# [Source material]

*****

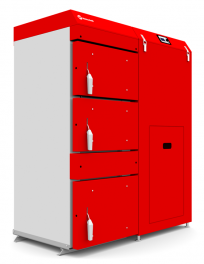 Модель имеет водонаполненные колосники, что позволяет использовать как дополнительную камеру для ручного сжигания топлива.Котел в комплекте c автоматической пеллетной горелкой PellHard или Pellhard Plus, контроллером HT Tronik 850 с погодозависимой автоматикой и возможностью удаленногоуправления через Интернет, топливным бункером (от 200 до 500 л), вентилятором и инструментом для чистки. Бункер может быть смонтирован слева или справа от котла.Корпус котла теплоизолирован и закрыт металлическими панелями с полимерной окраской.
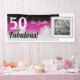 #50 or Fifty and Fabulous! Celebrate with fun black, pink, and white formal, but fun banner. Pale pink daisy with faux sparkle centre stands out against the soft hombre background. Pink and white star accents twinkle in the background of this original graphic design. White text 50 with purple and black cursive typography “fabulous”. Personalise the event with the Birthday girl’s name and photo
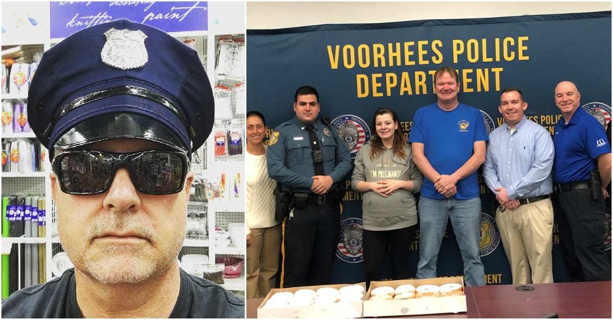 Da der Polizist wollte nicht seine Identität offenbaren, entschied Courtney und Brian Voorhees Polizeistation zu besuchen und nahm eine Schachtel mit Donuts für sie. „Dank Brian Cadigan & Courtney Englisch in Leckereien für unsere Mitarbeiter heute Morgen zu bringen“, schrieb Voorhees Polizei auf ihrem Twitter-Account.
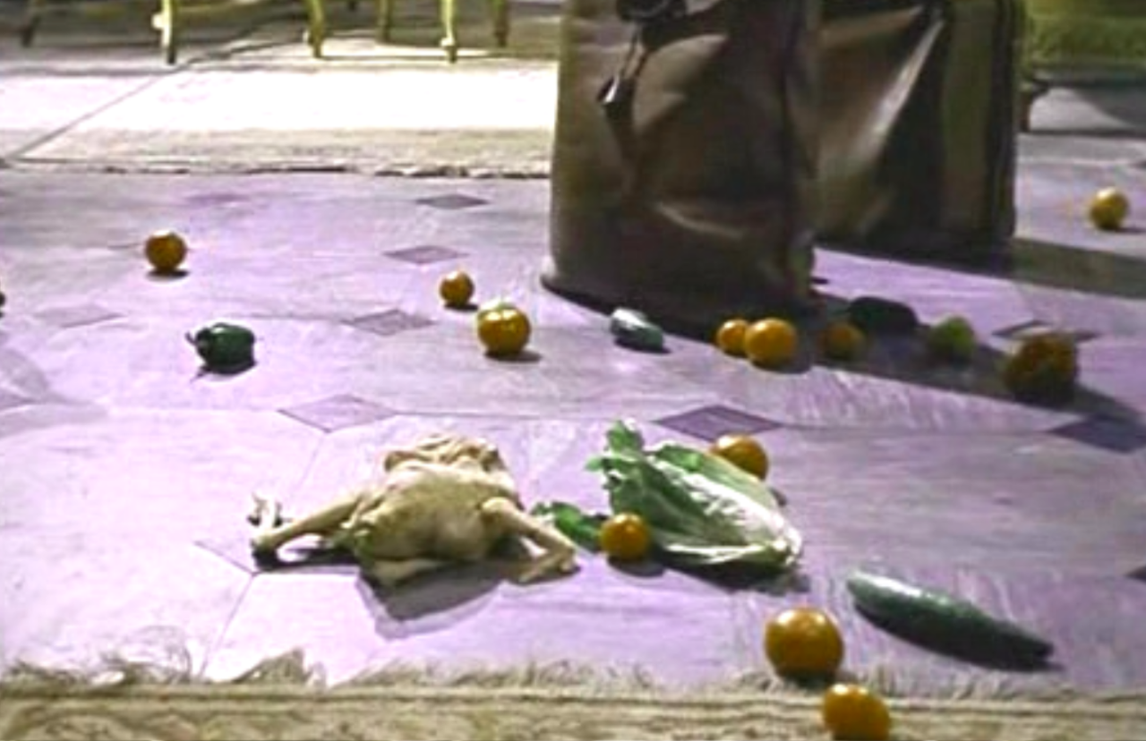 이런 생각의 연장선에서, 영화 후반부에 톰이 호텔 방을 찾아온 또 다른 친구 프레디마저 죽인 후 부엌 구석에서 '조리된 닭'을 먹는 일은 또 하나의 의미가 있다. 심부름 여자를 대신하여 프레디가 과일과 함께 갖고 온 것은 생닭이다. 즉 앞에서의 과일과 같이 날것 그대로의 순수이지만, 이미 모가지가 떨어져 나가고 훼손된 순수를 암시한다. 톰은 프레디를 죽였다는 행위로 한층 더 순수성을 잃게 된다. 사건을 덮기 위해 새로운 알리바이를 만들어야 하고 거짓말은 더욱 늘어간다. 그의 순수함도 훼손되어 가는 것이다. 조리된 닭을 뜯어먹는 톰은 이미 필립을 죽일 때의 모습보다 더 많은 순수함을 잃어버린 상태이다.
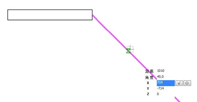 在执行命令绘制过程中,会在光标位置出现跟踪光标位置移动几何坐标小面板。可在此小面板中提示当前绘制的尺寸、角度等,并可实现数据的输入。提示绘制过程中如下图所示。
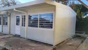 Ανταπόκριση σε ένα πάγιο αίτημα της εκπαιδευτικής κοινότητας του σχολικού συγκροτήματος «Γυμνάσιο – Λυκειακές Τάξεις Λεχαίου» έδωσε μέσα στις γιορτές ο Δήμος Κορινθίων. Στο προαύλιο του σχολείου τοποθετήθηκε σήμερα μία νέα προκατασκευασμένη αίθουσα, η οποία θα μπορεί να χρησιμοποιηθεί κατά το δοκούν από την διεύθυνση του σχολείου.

*****

# [To do]
Give every line of the listing above again, exactly, with no images.

# [Solution to this task]
 Модель имеет водонаполненные колосники, что позволяет использовать как дополнительную камеру для ручного сжигания топлива.Котел в комплекте c автоматической пеллетной горелкой PellHard или Pellhard Plus, контроллером HT Tronik 850 с погодозависимой автоматикой и возможностью удаленногоуправления через Интернет, топливным бункером (от 200 до 500 л), вентилятором и инструментом для чистки. Бункер может быть смонтирован слева или справа от котла.Корпус котла теплоизолирован и закрыт металлическими панелями с полимерной окраской.
 #50 or Fifty and Fabulous! Celebrate with fun black, pink, and white formal, but fun banner. Pale pink daisy with faux sparkle centre stands out against the soft hombre background. Pink and white star accents twinkle in the background of this original graphic design. White text 50 with purple and black cursive typography “fabulous”. Personalise the event with the Birthday girl’s name and photo
 Da der Polizist wollte nicht seine Identität offenbaren, entschied Courtney und Brian Voorhees Polizeistation zu besuchen und nahm eine Schachtel mit Donuts für sie. „Dank Brian Cadigan & Courtney Englisch in Leckereien für unsere Mitarbeiter heute Morgen zu bringen“, schrieb Voorhees Polizei auf ihrem Twitter-Account.
 이런 생각의 연장선에서, 영화 후반부에 톰이 호텔 방을 찾아온 또 다른 친구 프레디마저 죽인 후 부엌 구석에서 '조리된 닭'을 먹는 일은 또 하나의 의미가 있다. 심부름 여자를 대신하여 프레디가 과일과 함께 갖고 온 것은 생닭이다. 즉 앞에서의 과일과 같이 날것 그대로의 순수이지만, 이미 모가지가 떨어져 나가고 훼손된 순수를 암시한다. 톰은 프레디를 죽였다는 행위로 한층 더 순수성을 잃게 된다. 사건을 덮기 위해 새로운 알리바이를 만들어야 하고 거짓말은 더욱 늘어간다. 그의 순수함도 훼손되어 가는 것이다. 조리된 닭을 뜯어먹는 톰은 이미 필립을 죽일 때의 모습보다 더 많은 순수함을 잃어버린 상태이다.
 在执行命令绘制过程中,会在光标位置出现跟踪光标位置移动几何坐标小面板。可在此小面板中提示当前绘制的尺寸、角度等,并可实现数据的输入。提示绘制过程中如下图所示。
 Ανταπόκριση σε ένα πάγιο αίτημα της εκπαιδευτικής κοινότητας του σχολικού συγκροτήματος «Γυμνάσιο – Λυκειακές Τάξεις Λεχαίου» έδωσε μέσα στις γιορτές ο Δήμος Κορινθίων. Στο προαύλιο του σχολείου τοποθετήθηκε σήμερα μία νέα προκατασκευασμένη αίθουσα, η οποία θα μπορεί να χρησιμοποιηθεί κατά το δοκούν από την διεύθυνση του σχολείου.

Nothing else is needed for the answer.